Another component to the clean was that, prior to starting, we accepted estimates from the class as to how many pieces of garbage they thought we would find. We wrote everyone's estimate on a piece of paper so we could see which student would be the closest. Then, we instructed them to, every time they picked up a piece of garbage for their bag, count each and every piece. And off they went! Simply counting the garbage they were finding was enough to keep them entertained and interested for the duration of the time we were there (about 50 minutes) ... if a task is turned into a game, suddenly it becomes a lot more fun! I was glad that I'd thought of the counting idea, rather than just having them tediously pick up piece after piece of trash; I'm sure that would've gotten a little old after 10 or so minutes.

At around 2:30pm, we reconvened to tally up the class total, as well as to discuss the process of what we'd done, how we felt about it, etc.

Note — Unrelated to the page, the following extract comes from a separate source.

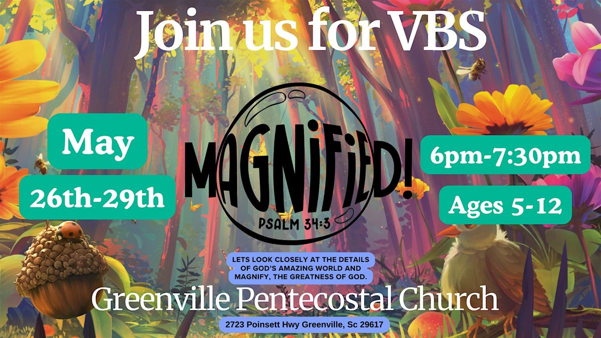You are invited to Magnified VBS! Join us for a week of fun, games, and learning about the Bible. Our Vacation Bible School event will be held at Greenville Pentecostal Church, where kids can make new friends and grow in their faith. Don't miss out on this exciting opportunity to magnify God in the smallest of things. Food will be provided during rotations

Every one of us was astonished when we learned that collectively, we'd collected 2,311 pieces of garbage and recyclables! How proud those students looked. Beaming smiles all around. During our discussion, one of the students said it best: "I feel really good about what we did, but I'm kind of mad at the people whose garbage we picked up. I mean, it's not our job to pick up after them!" She'd hit the nail right on the head. "That's right," I said to the class, "if only everyone acted responsibly and put their garbage in the garbage can where it belongs, we'd have a lot nicer of a park to enjoy". "How about the plants and animals?" I asked them, "why do you think they'd be happy with what we've done?" One of the quieter boys in the class raised his hand and said, "Garbage hurts their homes. Also, sometimes little snails and things think a piece of garbage is some food and might eat it and it could hurt them". Smart little group! A few of the major points I wanted to address and they were getting all the right answers.

We ended the day by each depositing our garbage bags into the park's dumpster, which I thought was a perfect way to end the unit. Overall, it was a very successful experience - I know the students learned a lot, the classroom teacher said she was going to use the lessons to future classes and I, of course, will too.

One of the main things I liked about the unit is that it incorporated many subjects into one easy-to-teach 9 period unit. A little bit of everything was offered - Language Arts with the speaking/listening of the discussions and the reading/writing of the homework assignment, Computer Skills with the online interactive games, Art with the Recycle Art lesson, Math with the estimating and counting of the park clean, PE with the walking, running, picking up garbage aspect of the walking field trip and Health & Career/Social Responsibility of the whole unit itself, teaching students how important it is to do these things to keep our city, country and world as clean and healthy as we possibly can.

Next year and the years to follow of my teaching career, I will definitely teach this unit to my classes of students. Thank you for allowing me the opportunity to create it for the purpose of this course, Education 493. I enjoyed making it and I very much enjoyed teaching it!